A Obsessão Espiritual e a Lei



Primeiramente é preciso estabelecer uma premissa, para, a partir desta desenvolver a teoria. Todavia - ainda que não pretendamos apresentar verdades irrefutáveis – é necessário aceitar esta premissa como verdadeira, mesmo que hipoteticamente, uma vez que todo o mais se baseia na aceitação desta primeira afirmação.

A Lei Maior ou Lei Divina, não aceita emendas, não faz concessões e não pode ser desrespeitada. Mesmo aqueles que se opõem a Deus, estão sujeitos às Suas leis.

O avião ao voar, não desrespeita a lei da gravidade, ao contrário, é com base nesta lei que sua estrutura e mecânica são desenvolvidas. A lei da gravidade, bem como todas as leis naturais, atua sobre todos sem fazer distinção e, também assim ocorre com as demais leis que regem o universo.

Também o livre-arbítrio é uma Lei inexorável, bem como as consequências das escolhas, ou, como diria o provérbio chinês: “o plantio é opcional, mas a colheita obrigatória”.

Assim, mesmo aqueles cujo comportamento se opõe a Deus e à Lei, estão submetidos a esta e não a conseguem burlar.

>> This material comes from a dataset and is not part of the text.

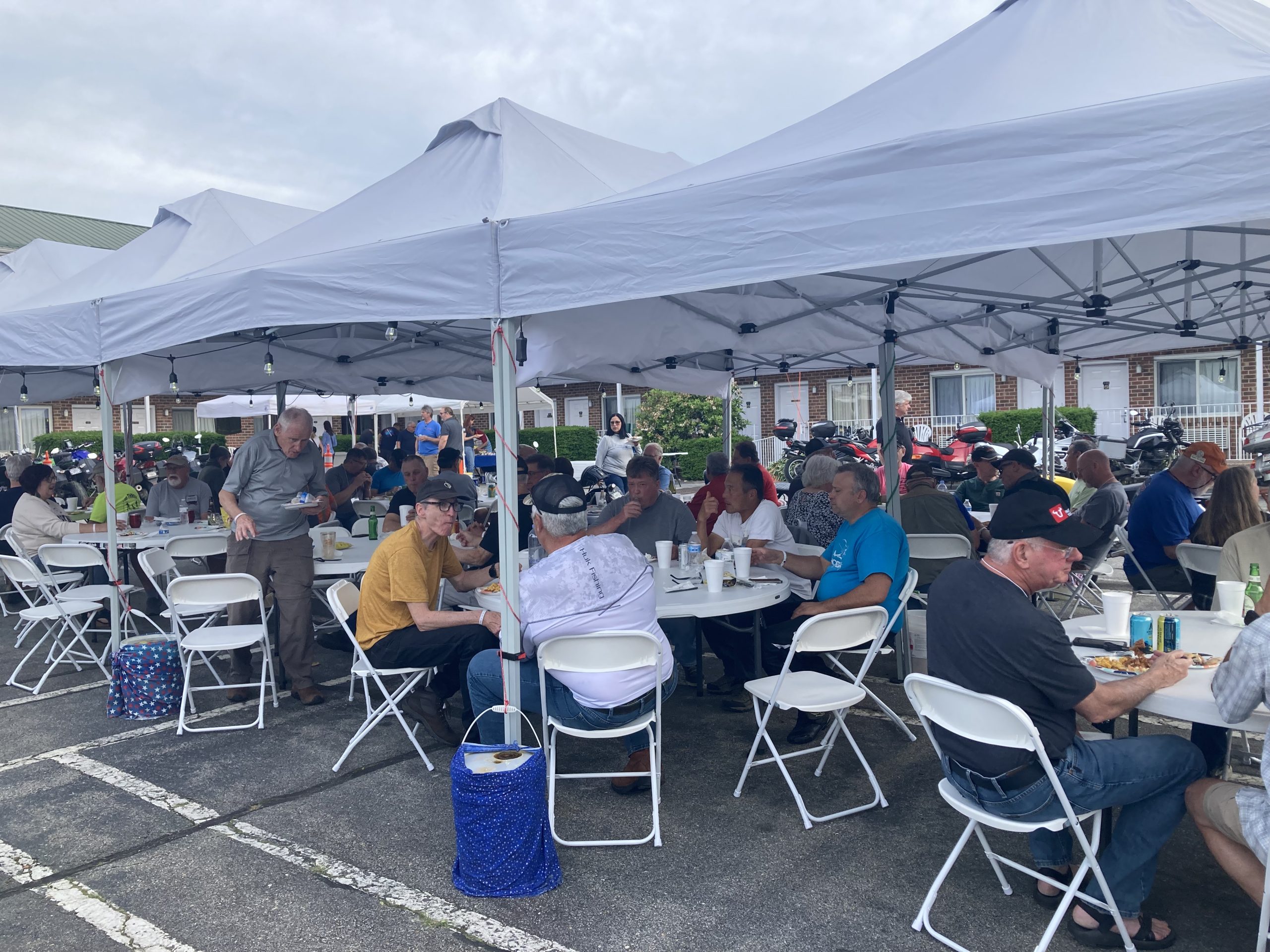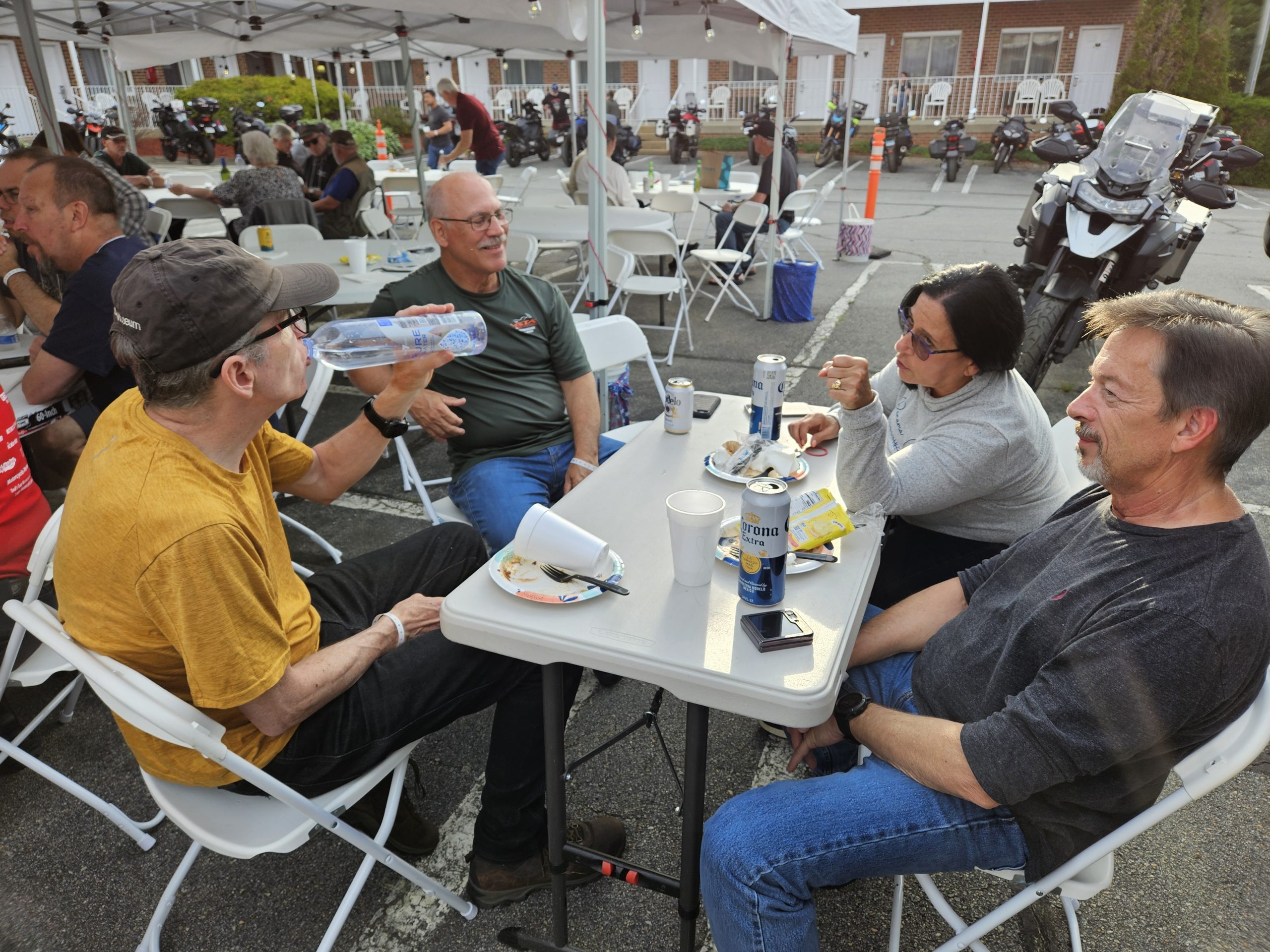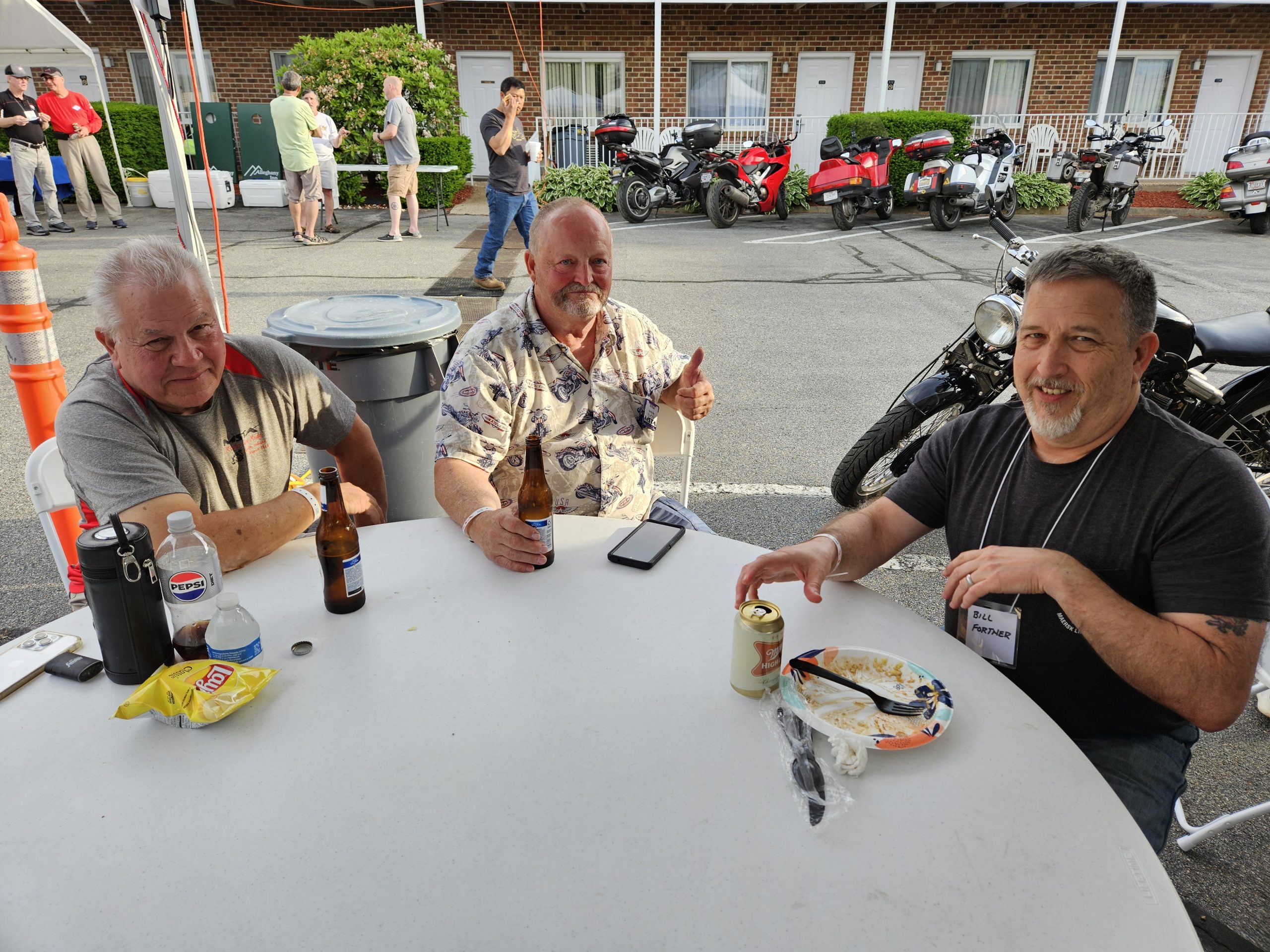 The day started off bright and sunny with temps in the 65–75-degree range for most of the morning. We made our way through Mt. Airy and hopped on the Blueridge Parkway for a short period up to Tuggles Gap. I had been to the store several times in the past, but it had been about 8-10 since my last stop. When we got there, we found the Inn still operating but that the restaurant/store/ and gas pumps were no longer open. The new owner provides breakfast to people staying in the Inn but doesn’t operate the other things anymore. A causality of covid and the lack of help in the workforce was his explanation. Rats! He suggested that we try the nearby town of Floyd, Va. for lunch. About 5 miles north of Tuggles Gap we came into Floyd and found it to be overrun with tourists and traffic to a point where movement was severely constrained. We did stop for gas, but decided to get out of town as quickly as we could. Lunch would have to wait. So up through Indian valley we did head. Eventually, as we headed mostly west through this area, we came to a Shell station just east of I-77. There we found the Grabowski Brothers, Steve and Rich, taking a break and grabbing a cool drink. We pulled in besides them and parked our bikes. At this point it was mid-afternoon and we had about 40 miles lying between us and Sparta. A quick glance at the radar on my phone showed several popup type storms between here and there. Some of which looked quite heavy. Taking a chance, none of us put any rain gear on. Something we would regret quickly. You guessed it, not a mile further down the road it began to rain heavily. Having learned our lesson on the ride down to the rally the prior Wednesday, we pulled off at the next little road intersection and Luis and Mike donned their rain gear. I put my rain jacket on but not the pants. We dodged in and out of lighter showers for the next 30 miles until we reached Independence. In the mountains it can be raining on one side of a hill and be totally dry on the other, and this was no exception. The roads from there to Sparta were completely dry. The little bit of rain we got actually felt good as it cooled us, and the air around us, down to quite comfortable temperatures. We got back to the hotel, where I grabbed a nice shower and an even better nap, before the evening festivities began. A great day of riding!

São considerados criminosos em função de suas atitudes que visam o benefício individual à custa do bem comum, contudo, tanto suas motivações são permitidas pela Lei quanto a vulnerabilidade de suas supostas vitimas é consequência desta.

Dito isto, sigamos com o assunto proposto...


Quando falamos sobre obsessões, obsessores e obsedados, tendemos a identificar os personagens envolvidos como criminosos e vitimas, sendo os primeiros os criminosos e os últimos suas vitimas. Porém, afirmar isto implicaria em desmentir a premissa acima, pois, se a Lei não pode ser descumprida, toda ação ocorre dentro de seus limites e, portanto, não se caracteriza o crime.

O que estamos afirmando, é que o obsessor, ao atacar e mesmo prejudicar o obsedado, está agindo com o amparo da Lei Maior e não a desrespeitando como costumamos crer. E, não apenas os obsessores não são criminosos, como os obsedados não são vitimas inocentes.

Tudo e todos no universo estão sujeitos à Lei de Ação e Reação, Causa e Consequência ou, como preferem alguns: Carma.

Quando um espirito age sobre outro espirito, com intenção de prejudica-lo, isto se deve a uma brecha existente no comportamento atual ou passado do obsedado, que cria as condições para que o obsessor atue contra ele.

Em alguns casos abordados em outras postagens deste blog, os obsessores se aproximam por afinidade de pensamento - e/ou comportamento - com o obsedado, desenvolvendo uma relação parasitária e muitas vezes simbiótica. Em outras situações, o obsessor é vítima do obsedado, e sua ação é a busca de vingança.

Em qualquer destas circunstâncias, está o obsessor amparado pela Lei do Carma.

É o comportamento atual ou passado do obsedado que permite a ação do obsessor que, plantando sua vingança, certamente colherá as consequências, assim como o obsedado está colhendo as consequências de seu plantio.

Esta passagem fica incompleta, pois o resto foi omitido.